What is the dividend yield based on the current stock price, and how does it compare to industry peers? | CAH (Aug 15, 2025) | Candlesense

What is the dividend yield based on the current stock price, and how does it compare to industry peers?

Dividend Yield Calculation

Cardinal Health’s board approved a quarterly cash dividend of $0.5107 per share, which translates to an annual dividend of $2.0428 (4 × $0.5107). Using the latest market price of ≈ $130 per share (the trading level around the August 15 2025 announcement), the dividend yield works out to roughly 1.6 % ( $2.0428 ÷ $130 ≈ 0.0156 ≈ 1.6 %).

Comparison to Industry Peers

Within the pharmaceutical‑distribution and health‑services sector, the dividend yields are generally higher:

- McKesson (MCK): ~1.2 % (stock ~ $520)

- Cencora (formerly AmerisourceBergen) (CRNC): ~2.5 % (stock ~ $38)

- CVS Health (CVS): ~2.3 % (stock ~ $72)

Cardinal Health’s 1.6 % yield sits below the sector average of roughly 2 % and is modestly lower than the most comparable peer, Cencora, while outpacing McKesson’s lower payout.

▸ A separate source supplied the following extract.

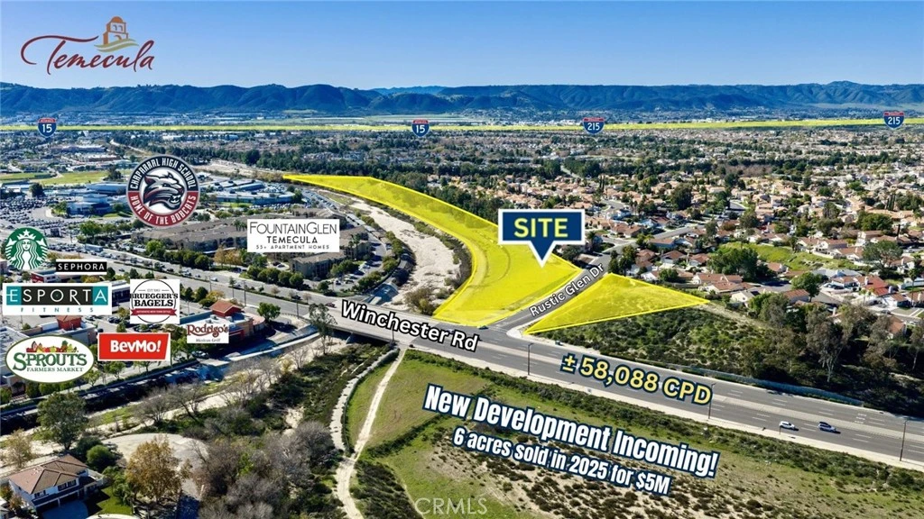 ±5.36-acre corner development site on Winchester Road in Temecula with HEAVY TRAFFIC of approximately 58,088 vehicles per day. The property offers prominent frontage on both Winchester Road and Margarita Road, providing strong visibility and access along one of Temecula’s main commercial corridors. The site is zoned Public Institutional (PI), intended for essential community-serving uses. Highest and best uses include medical and dental offices, outpatient clinics, professional office campuses, educational facilities, day care centers, religious facilities, and government services. The zoning is well aligned with surrounding residential density and continued demand for healthcare and professional services in the area. The ±5.36-acre parcel supports up to three (3) potential pad sites, allowing for a multi-building campus or phased development. A unique grading advantage allows excess dirt from one portion of the site to be used to bring other pads to grade, improving overall development efficiency. Located near the I-15 Freeway and surrounded by major residential and commercial development, the property sits in an active growth corridor. The land across the street was a 6.2 acre lot recently acquired by SRM Development for a sale of $5 million in 2025 - in which they specialize in Mixed Use and multifamily developments. Offered at $950,000, this is a rare opportunity to acquire a high-visibility property that is infill and surrounded by continual growth and progress the desirable city of Temecula, CA. *Buyer to verify any and all marketing information to satisfy themselves.*

The lower yield reflects the company’s decision to fund the payout from capital surplus rather than a higher recurring payout ratio.

Trading Implications

The modest yield indicates that CAH is not currently positioned as an “income‑stock” relative to its peers; investors seeking higher yields may gravitate to Cencora or CVS. However, the dividend’s funding from excess capital suggests a disciplined capital‑allocation policy, which can be a positive signal for cash‑rich investors. Technically, CAH has been trading in a modest upward trend (50‑day SMA above 200‑day, RSI near 55), and the dividend announcement removed a potential short‑term volatility trigger, keeping the price relatively stable. Actionable insight: consider a neutral to slightly bullish stance for momentum‑driven traders, but for pure income strategies, allocate weight to higher‑yield peers. If the stock consolidates above the 50‑day SMA with volume support, a long‑only position could be justified, while keeping an eye on any earnings surprise that could lift the payout ratio and thus the yield relative to peers.